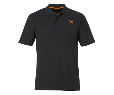 Cor preta, 100% algodão. colarinho clássico, machados cruzados bordados no peito, faixa interior do colarinho em laranja. Tamanho XS - XXL. 130319
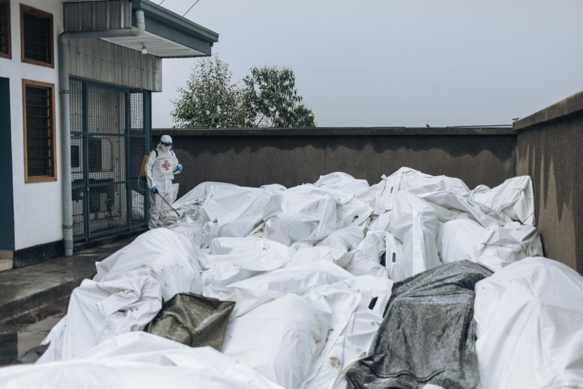 A member of the Congolese Red Cross disinfects body bags in the morgue of Goma General Hospital [Alexis Huguet/AFP]
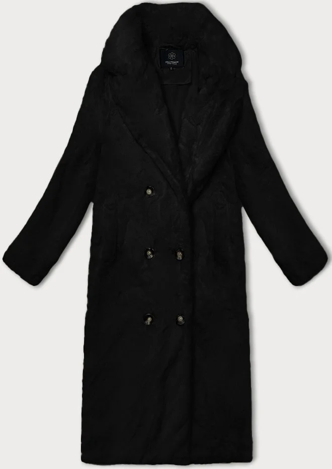 Černý dámský kožešinový kabát s límcem (WD2332)
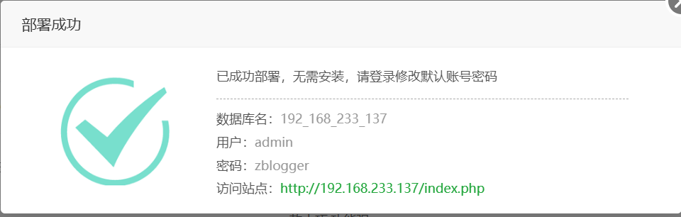 创建完成,系统会提供管理员账号密码。访问站点成功就代表站点搭建成功!创建站点后需要尽快修改管理员账号及密码!
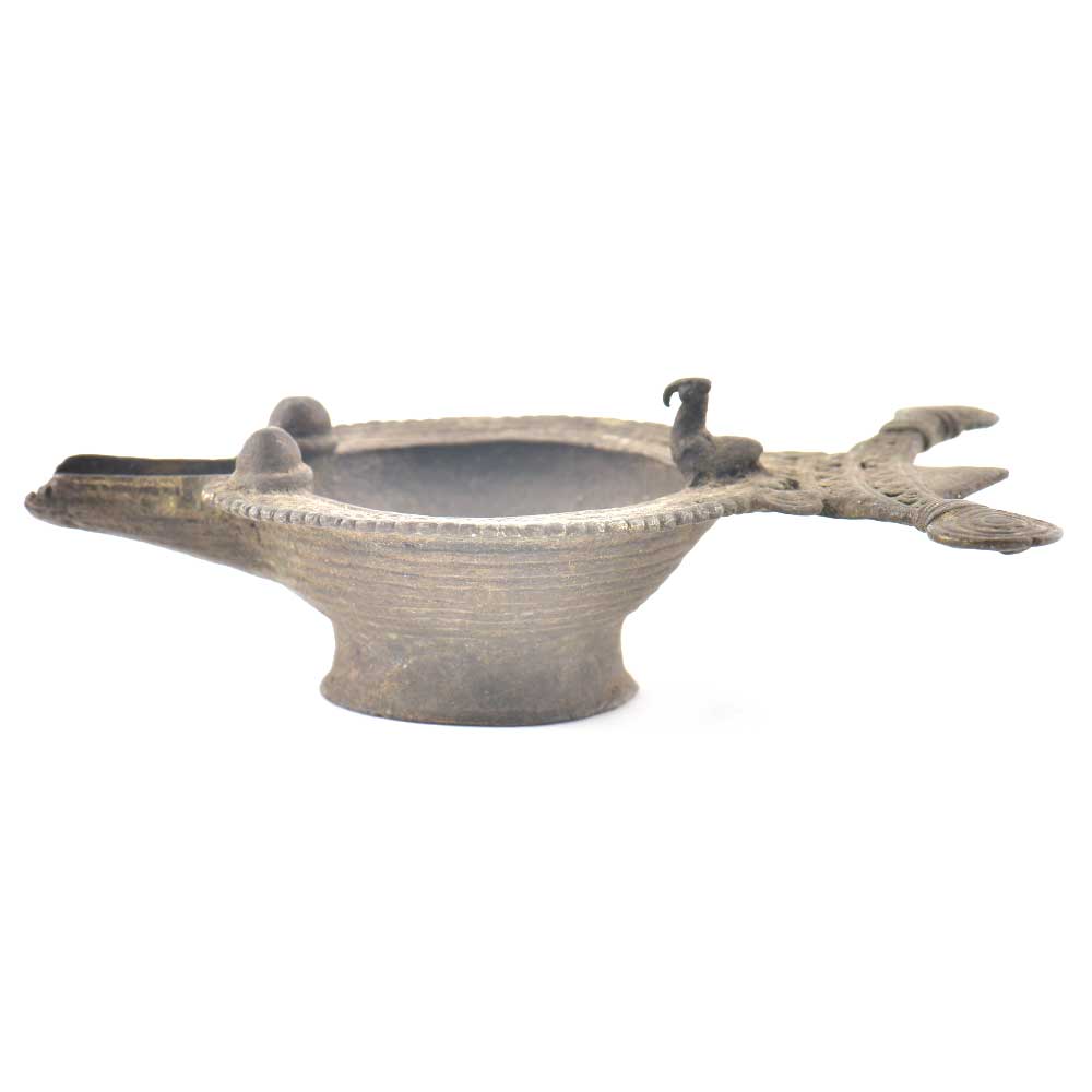 Traditional South Indian Brass Oil lamp made using the traditional lost wax process has a deep cup to fill oil or ghee . The lamp is unique in shape with a small bird figurine on one end of the lamp . It also has nice engraved design on the border of the lamp .It is generally used during Diwali or other auspicious occasions.
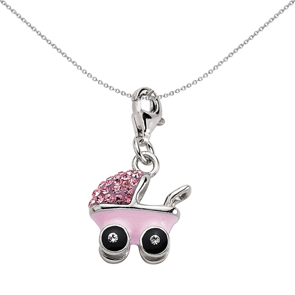 Jewelco London Sterling Silver Pink Crystal Buggie Pram Charm - CM123
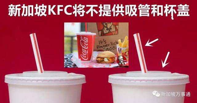 新加坡肯德基近日宣布,为响应无吸管计划,新加坡本地84家肯德基连锁店,将从20日(明天)起停止提供塑胶杯盖与吸管。
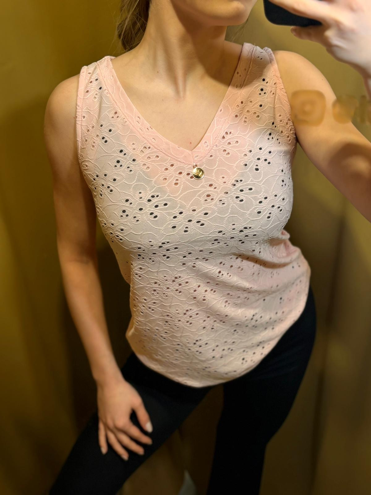 Delikatny top bez rękawów z zawieszką na środku dekoltu
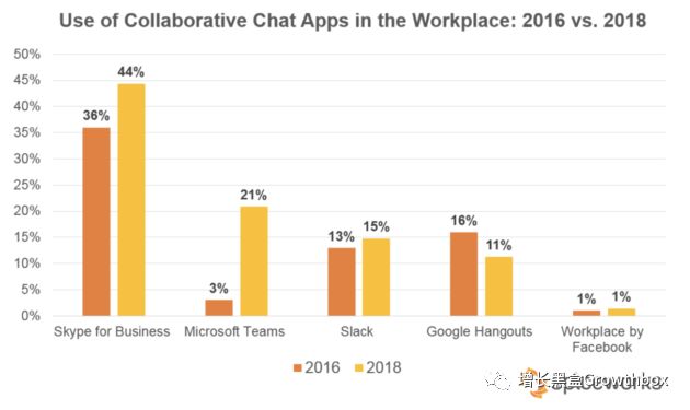 在一份Spiceworks对901家公司的问卷调查中发现,2018年,有21%的受访者在用微软的Teams,而只有15%的公司在使用Slack。对比2016年的使用情况来看,Teams在这两年间的渗透势头迅猛,已经成了不容忽视的力量。
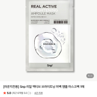 Snp 리얼 액티브 브라이트닝 미백 앰플 마스크팩 ...
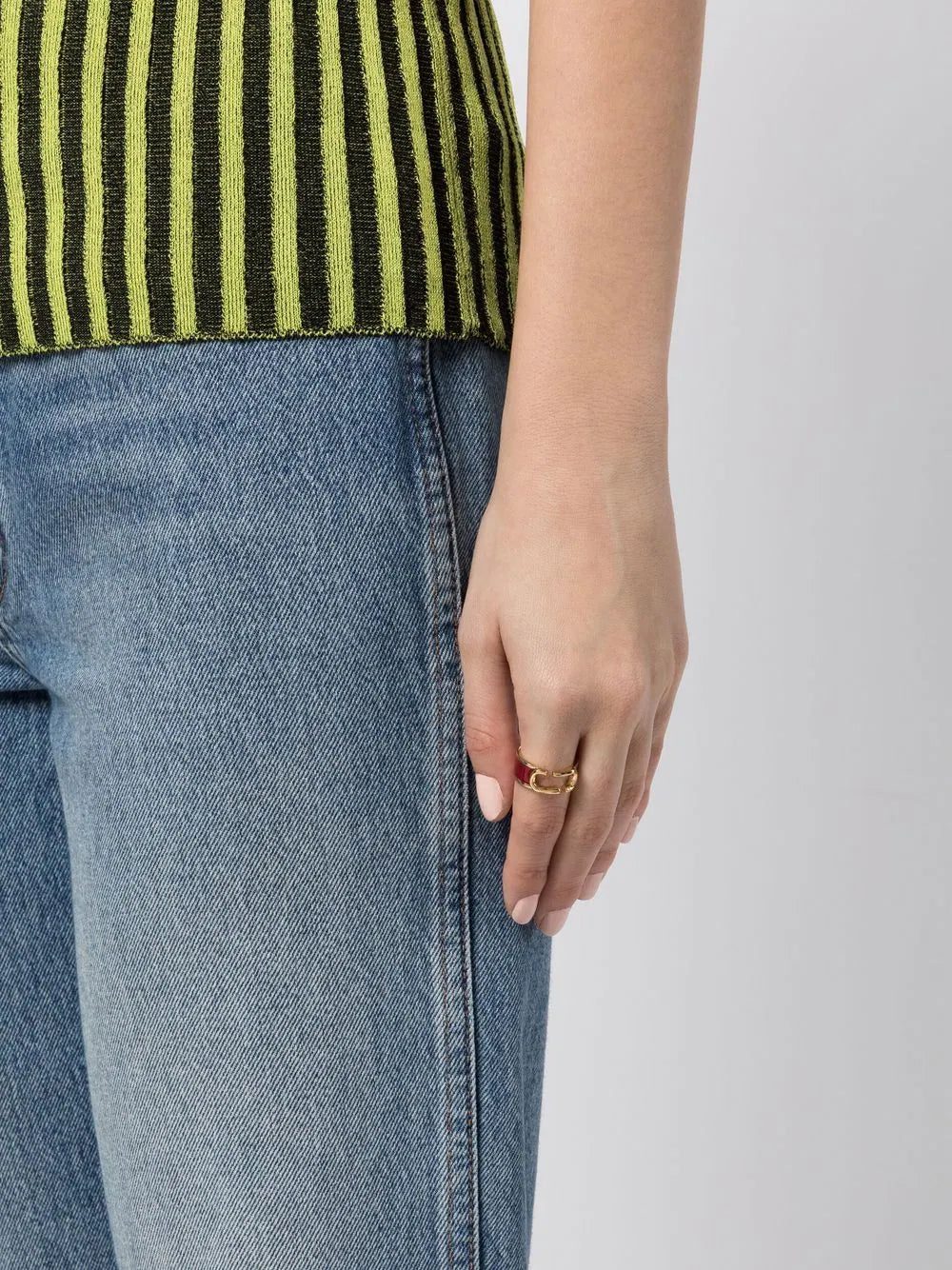 Marc Jacobs' ring spotlights the brand's oval-shaped logo plaque. The gleaming gold-tone hardware pops against the fiery red resin.
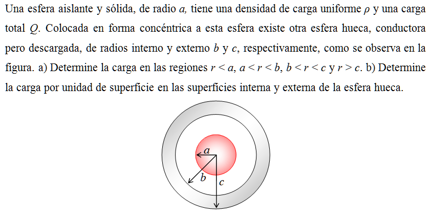 Una esfera aislante y sólida, de radio a, tiene una densidad de carga uniforme y una carga total Q. Colocada en forma concéntrica a esta esfera existe otra esfera hueca, conductora pero descargada, de radios interno y externo b y c, respectivamente, como se observa en la figura. a) Determine la carga en las regiones r < a, a < r < b, b < r < c y r > c. b) Determine la carga por unidad de superficie en las superficies interna y externa de la esfera hueca.

> _What to produce_
Using the records above, output an exact copy without any pictures.

> _Answer below_
 Cor preta, 100% algodão. colarinho clássico, machados cruzados bordados no peito, faixa interior do colarinho em laranja. Tamanho XS - XXL. 130319
 A member of the Congolese Red Cross disinfects body bags in the morgue of Goma General Hospital [Alexis Huguet/AFP]
 Černý dámský kožešinový kabát s límcem (WD2332)
 创建完成,系统会提供管理员账号密码。访问站点成功就代表站点搭建成功!创建站点后需要尽快修改管理员账号及密码!
 Traditional South Indian Brass Oil lamp made using the traditional lost wax process has a deep cup to fill oil or ghee . The lamp is unique in shape with a small bird figurine on one end of the lamp . It also has nice engraved design on the border of the lamp .It is generally used during Diwali or other auspicious occasions.
 Jewelco London Sterling Silver Pink Crystal Buggie Pram Charm - CM123
 新加坡肯德基近日宣布,为响应无吸管计划,新加坡本地84家肯德基连锁店,将从20日(明天)起停止提供塑胶杯盖与吸管。
 Delikatny top bez rękawów z zawieszką na środku dekoltu
 在一份Spiceworks对901家公司的问卷调查中发现,2018年,有21%的受访者在用微软的Teams,而只有15%的公司在使用Slack。对比2016年的使用情况来看,Teams在这两年间的渗透势头迅猛,已经成了不容忽视的力量。
 Snp 리얼 액티브 브라이트닝 미백 앰플 마스크팩 ...
 Marc Jacobs' ring spotlights the brand's oval-shaped logo plaque. The gleaming gold-tone hardware pops against the fiery red resin.
 Una esfera aislante y sólida, de radio a, tiene una densidad de carga uniforme y una carga total Q. Colocada en forma concéntrica a esta esfera existe otra esfera hueca, conductora pero descargada, de radios interno y externo b y c, respectivamente, como se observa en la figura. a) Determine la carga en las regiones r < a, a < r < b, b < r < c y r > c. b) Determine la carga por unidad de superficie en las superficies interna y externa de la esfera hueca.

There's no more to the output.